Rate Limiting and Backoff

Every API enforces rate limits. Exceed them and you get 429 Too Many Requests — or worse, a temporary ban. The goal is never to hit the limit in the first place.

Reading rate limit headers

Most APIs communicate limits through response headers. The names vary, but the pattern is consistent.

# Inspect rate limit headers (GitHub example)
curl -sI https://api.github.com/users/octocat \
  -H "Authorization: Bearer $GITHUB_TOKEN" \
  | grep -iE 'x-ratelimit|retry-after'

Common headers:

Header Meaning

X-RateLimit-Limit

Maximum requests allowed in the window

X-RateLimit-Remaining

Requests left before the limit resets

X-RateLimit-Reset

Unix timestamp when the window resets

Retry-After

Seconds to wait before retrying (on 429 responses)

X-Rate-Limit-Reset

Alternative spelling (Cloudflare, others)

RateLimit-Policy

IETF draft standard — describes the policy itself

Parsing the reset timestamp

X-RateLimit-Reset is a Unix epoch. Convert it to seconds remaining:

reset=$(curl -sI "$API_URL" | grep -oP 'X-RateLimit-Reset: \K\d+')
now=$(date +%s)
wait_seconds=$(( reset - now ))
echo "Rate limit resets in ${wait_seconds}s"

Exponential backoff

When you receive a 429 or 5xx, wait before retrying. Double the wait each time to avoid hammering a struggling server.

#!/usr/bin/env bash
# Exponential backoff with configurable ceiling

api_call_with_backoff() {
  local url="$1"
  local max_retries="${2:-5}"
  local base_delay="${3:-1}"
  local max_delay="${4:-60}"
  local attempt=0

  while (( attempt < max_retries )); do
    response=$(curl -sw '\n%{http_code}' "$url")
    http_code=$(echo "$response" | tail -1)
    body=$(echo "$response" | sed '$d')

    case "$http_code" in
      2[0-9][0-9])
        echo "$body"
        return 0
        ;;
      429|5[0-9][0-9])
        attempt=$((attempt + 1))
        delay=$(( base_delay * (2 ** (attempt - 1)) ))
        (( delay > max_delay )) && delay=$max_delay
        echo "Attempt ${attempt}/${max_retries}: HTTP ${http_code}, retrying in ${delay}s" >&2
        sleep "$delay"
        ;;
      *)
        echo "HTTP ${http_code}: not retryable" >&2
        echo "$body" >&2
        return 1
        ;;
    esac
  done

  echo "Exhausted ${max_retries} retries" >&2
  return 1
}

The ceiling (max_delay) prevents absurd waits. Without it, retry 10 would sleep for 512 seconds.

Pre-emptive throttling

Reacting to 429s means you already annoyed the server.

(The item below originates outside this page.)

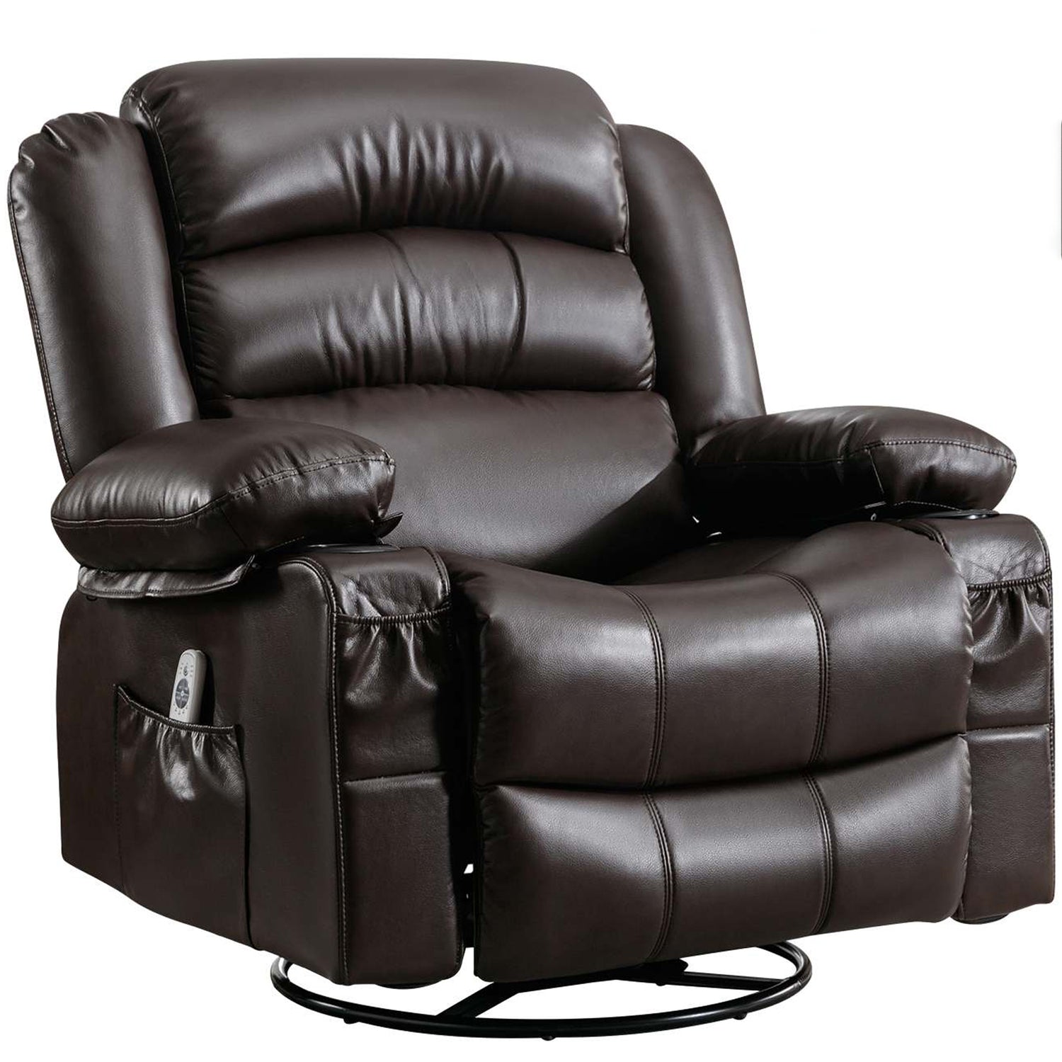 SYNGAR Swivel Rocker Recliner Chair for Living Room, Manual Reclining Chair with Heat and Massage Function, Cup Holders, USB, PU Leather Rocking Sofa Glider Chair for Bedroom Home Theater, Black

Better: check remaining quota before each call and sleep proactively.

#!/usr/bin/env bash
# Pre-emptive throttle: sleep if remaining calls are low

throttled_request() {
  local url="$1"
  local threshold="${2:-10}"  # Start sleeping below this many remaining

  # Make the request, capture headers and body
  local tmpfile
  tmpfile=$(mktemp)
  local body
  body=$(curl -sD "$tmpfile" "$url")
  local remaining
  remaining=$(grep -oP 'X-RateLimit-Remaining: \K\d+' "$tmpfile" || echo "999")
  local reset
  reset=$(grep -oP 'X-RateLimit-Reset: \K\d+' "$tmpfile" || echo "0")
  rm -f "$tmpfile"

  echo "$body"

  if (( remaining < threshold )); then
    local now
    now=$(date +%s)
    local wait=$(( reset - now ))
    (( wait > 0 )) && {
      echo "Rate limit low (${remaining} remaining), sleeping ${wait}s" >&2
      sleep "$wait"
    }
  fi
}

Per-endpoint vs global rate limits

Some APIs enforce limits at multiple levels:

Scope Example

Global

5000 requests/hour across all endpoints (GitHub)

Per-endpoint

100 requests/minute to /search, 5000/hour elsewhere (GitHub Search)

Per-resource

30 writes/second per DNS zone (Cloudflare)

Per-user

Each API key has its own quota

Per-IP

Unauthenticated requests share a pool by source IP

When scripting against an API with per-endpoint limits, track counters per path, not just globally.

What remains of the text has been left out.